__Task to complete__
Output each line exactly as written, from the first line of the records to the line bearing "Fraaie spiraalslinger met", inclusive, while leaving every picture out.

═════ Data excerpts ═════

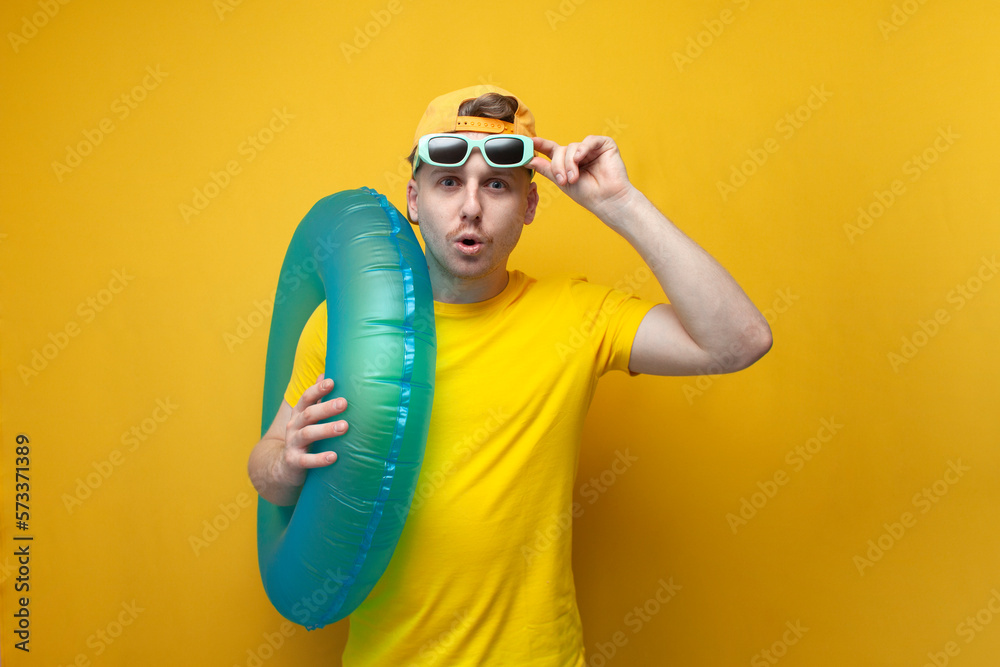 surprised guy tourist in summer clothes and glasses holds a swim ring and wonders, vacation travel concept
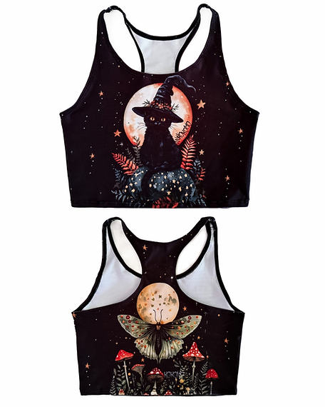 Este crop top no es solo una prenda, es una declaración de estilo para las amantes de lo esotérico, la naturaleza y la magia. Con un diseño exclusivo que presenta una adorable gata negra con sombrero de bruja bajo la luna creciente, rodeada de estrellas y helechos, ¡serás el centro de todas las miradas!
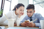 Całkiem poważna blondynka i jej chłopak siedzą przy stole w kawiarni, pijąc drinki i korzystając z mobilnych gadżetów w wolnym czasie
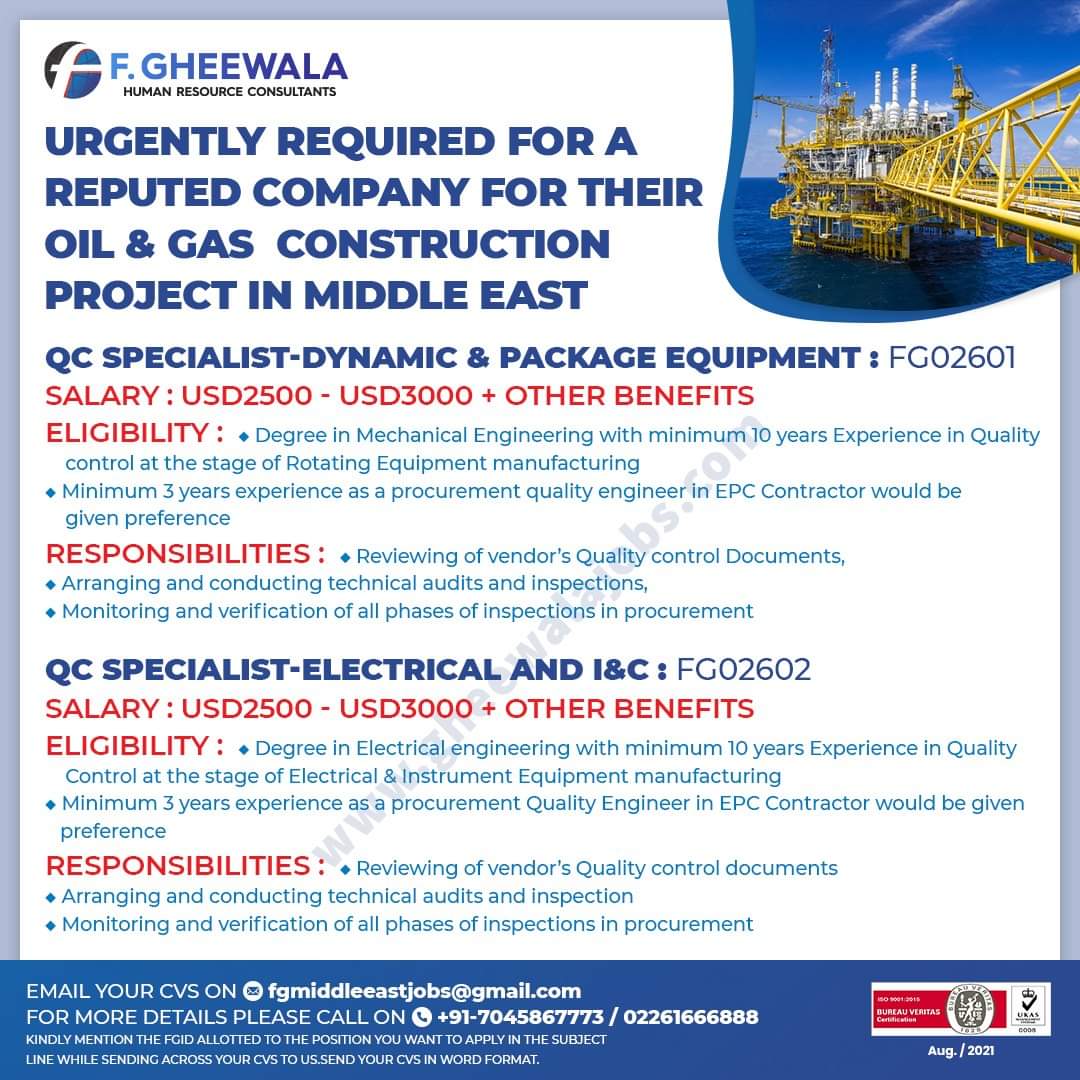 Minimum 3 years experience as a procurement Quality Engineer in EPC Contractor would be given
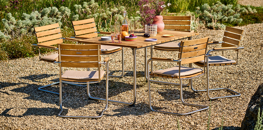 A further important element of our furniture is aluminium, which is alloyed and thus extremely resistant to acid and water. Aluminum is also highly pressure- and torsion-resistant, which means that it can be processed with particularly thin walls. This makes our furniture lightweight. All important individual parts are made from high-quality die-cast aluminum. In this way, there is no need for ugly welded joints – surfaces and edges are smooth. The subsequent state-of-the-art powder-coating process ensures that our alloyed aluminum elements really can stand up to any weather.
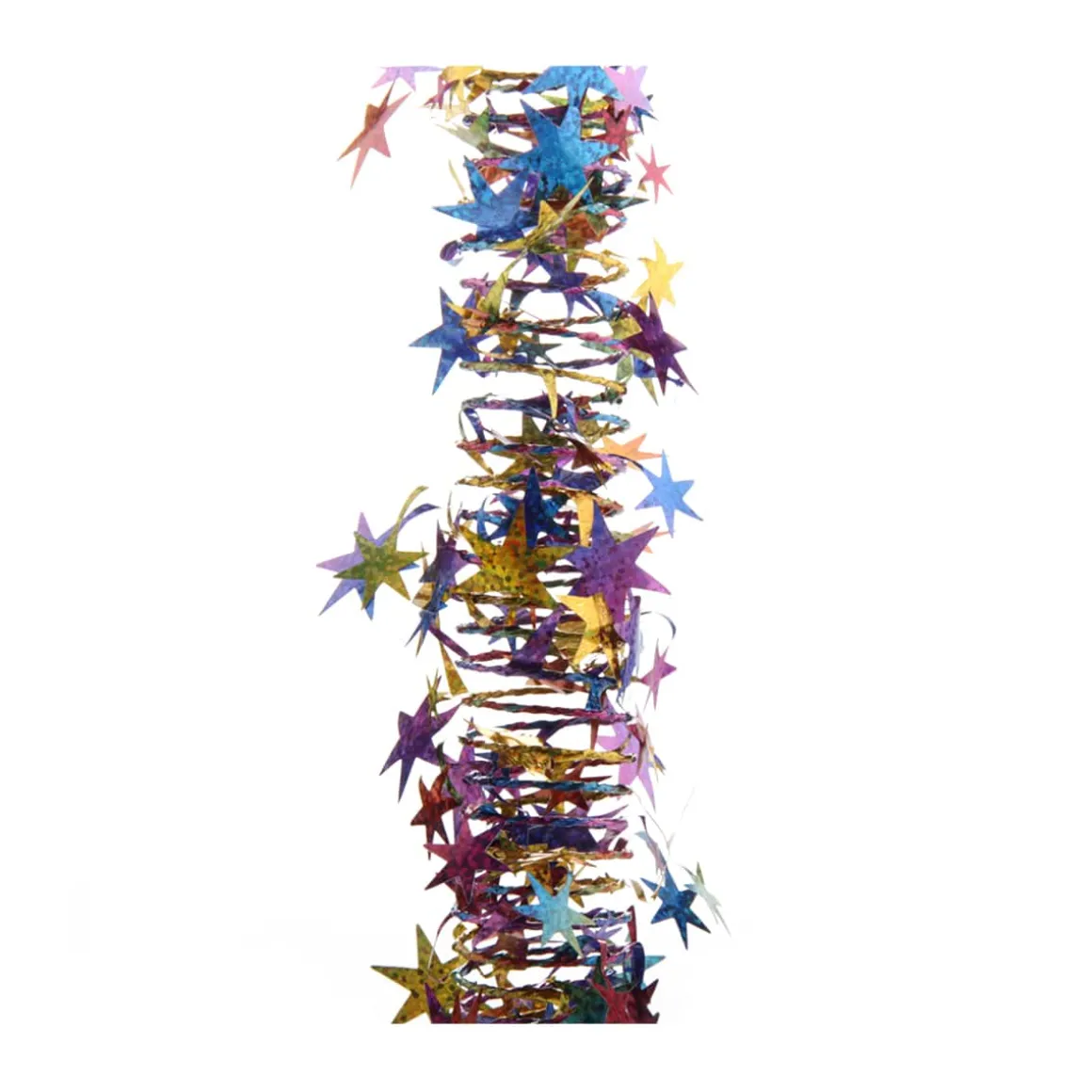 Fraaie spiraalslinger met sterren in de kleur regenboog/multi, laser. De slinger is 750cm lang. Zeer decoratief in kerstboom of guirlande.
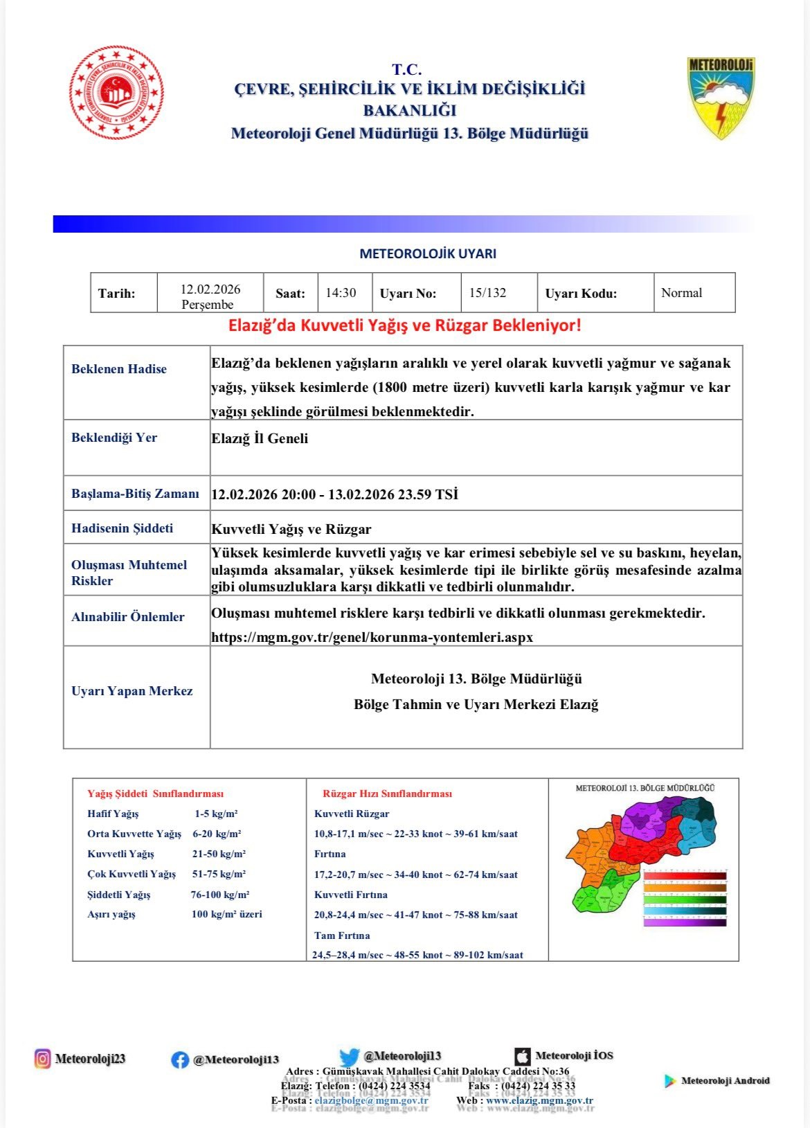 Meteoroloji 13. Bölge Müdürlüğü, 13 Şubat Cuma günü Elazığ genelinde etkili olması beklenen kuvvetli sağanak ve saatte 60 kilometreye ulaşabilecek rüzgârlara karşı uyarıda bulundu.
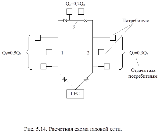 Расчет надежности ведут в два этапа. 1) На первом этапе решают схему сети и определяют необходимый резерв. Необходимость в резервировании схемы и размеры резерва определяют исходя из сравнения полученного значения показателя надежности системы Rсист с нормированной величиной. Все элементы газовой сети, отказы которых приводят к отключению потребителей, следует перенумеровать, определить недоотпуск газа DQj, связанные с отказами и рассчитать показатель надежности системы. При расчете Rсист необходимо знать wi или li всех элементов и расчетное время t. Недоотпуск газа DQj определяют по схеме сети без гидравлических расчетов и потокораспределения, т.к. интенсивность отказов практически не зависит от диаметров газопроводов. Для небольших нерезервированных систем полученная величина Rсист(t) может оказаться достаточной, тогда расчет надежности сети окончен. Большие системы требуют резервирования путем кольцевания и дублирования отдельных элементов. Для снижении недоподачи газа в аварийных случаях 2) Второй этап заключается в расчете резерва в диаметрах труб. Для этого рассчитывают потокораспределение в сети для наиболее неблагоприятных аварийных ситуаций. Расходы газа потребители принимают лимитированные, а перепад давлений максимально допустимый.

═════

__Task response__
 surprised guy tourist in summer clothes and glasses holds a swim ring and wonders, vacation travel concept
 Este crop top no es solo una prenda, es una declaración de estilo para las amantes de lo esotérico, la naturaleza y la magia. Con un diseño exclusivo que presenta una adorable gata negra con sombrero de bruja bajo la luna creciente, rodeada de estrellas y helechos, ¡serás el centro de todas las miradas!
 Całkiem poważna blondynka i jej chłopak siedzą przy stole w kawiarni, pijąc drinki i korzystając z mobilnych gadżetów w wolnym czasie
 Minimum 3 years experience as a procurement Quality Engineer in EPC Contractor would be given
 A further important element of our furniture is aluminium, which is alloyed and thus extremely resistant to acid and water. Aluminum is also highly pressure- and torsion-resistant, which means that it can be processed with particularly thin walls. This makes our furniture lightweight. All important individual parts are made from high-quality die-cast aluminum. In this way, there is no need for ugly welded joints – surfaces and edges are smooth. The subsequent state-of-the-art powder-coating process ensures that our alloyed aluminum elements really can stand up to any weather.
 Fraaie spiraalslinger met sterren in de kleur regenboog/multi, laser. De slinger is 750cm lang. Zeer decoratief in kerstboom of guirlande.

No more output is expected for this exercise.